21. Les collectivités territoriales de la République des différents niveaux couvrent ensemble la totalité du territoire habité de la République, qu’elles sont chargées d’administrer aux côtés des services de l’État101. Recourir au concept d’organisation territoriale de l’État a permis à la Cour de comptes de procéder à l’étude de la carte des services déconcentrés et des relations entre les niveaux déconcentrés102. Aussi il est ici fait usage du concept d’organisation territoriale de la République pour examiner la carte des collectivités territoriales et les relations qui se nouent entre les différents niveaux décentralisés.

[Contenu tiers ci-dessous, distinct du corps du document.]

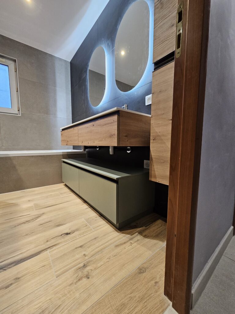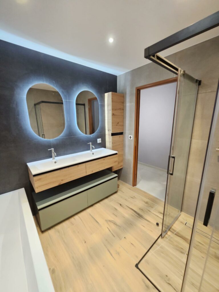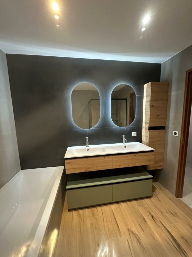 Le meuble double vasque devient un élément central du projet, permettant une utilisation simultanée et limitant les conflits d’usage.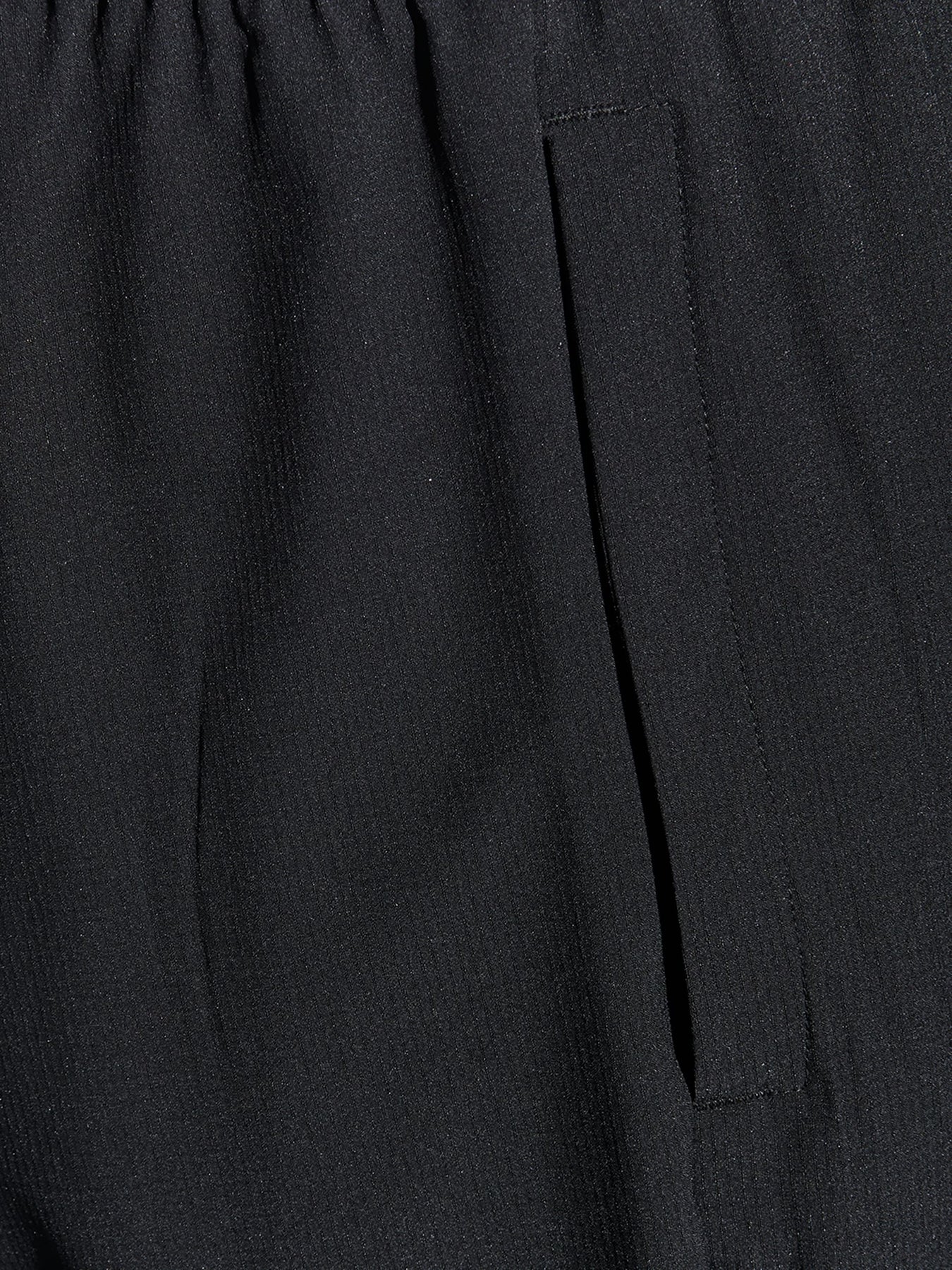 Schwarze Trailhose von Halo, gefertigt aus 90 % Polyamid und 10 % Elasthan. Die Hose hat einen verstellbaren Kordelzug in der Taille, verstellbare Knöchelabschlüsse und mehrere Taschen.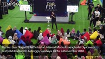 Menteri Luar Negeri RI, Retno Lestari Priansari Marsudi menghadiri Diplomacy Festival di Universitas Airlangga, Surabaya, sabtu, 24 November 2018.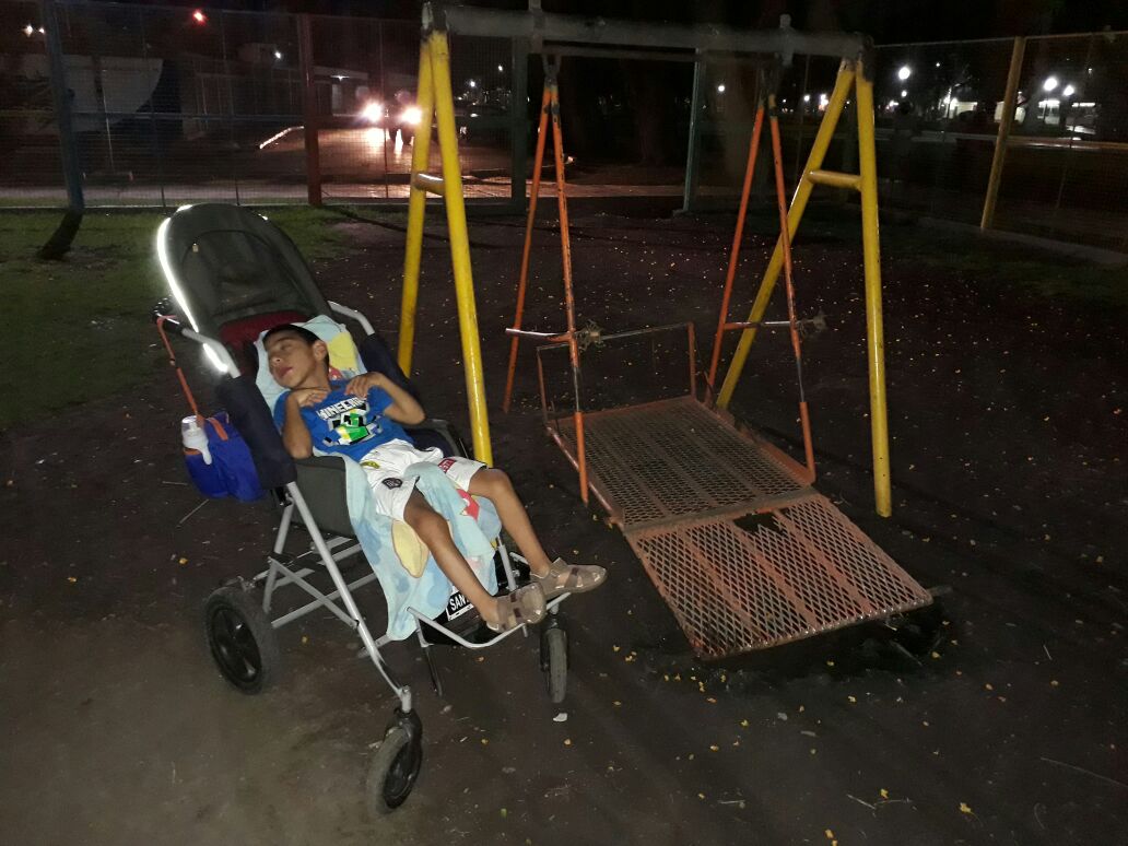 Un lector envió una foto y el siguiente comentario: “Hola buenas noches mi hijo Santiago se quedó sin subir al columpio que está destrozado en el Parque de Mayo. La gente los rompe y el Gobierno no lo arregla”.

Le thème de la rationalisation témoigne de la prédominance de la dialectique managériale qui est à l’œuvre depuis plusieurs décennies. La rationalisation consiste en l’« organisation d’une activité, à partir d’une étude scientifique, afin d’adapter efficacement les moyens aux objectifs poursuivis »103. Cette idée a eu d’extraordinaires développements en matière de finances publiques avec la rationalisation des choix budgétaires. Il s’agit de « faire que chaque franc dépensé par l’État le soit à bon escient »104. Selon le dictionnaire, la rationalisation des choix budgétaires correspond à l’« ensemble des procédures de calcul économique utilisées en finance publique pour optimiser les dépenses publiques »105. Or l’organisation territoriale de la République peut être regardée comme la source de dépenses aux performances critiquées. Le rapport Guichard106 et les innombrables rapports qui lui ont succédé sont d’incessantes alertes sur ce point. L’organisation territoriale de la République ne pouvait donc échapper au thème de la rationalisation.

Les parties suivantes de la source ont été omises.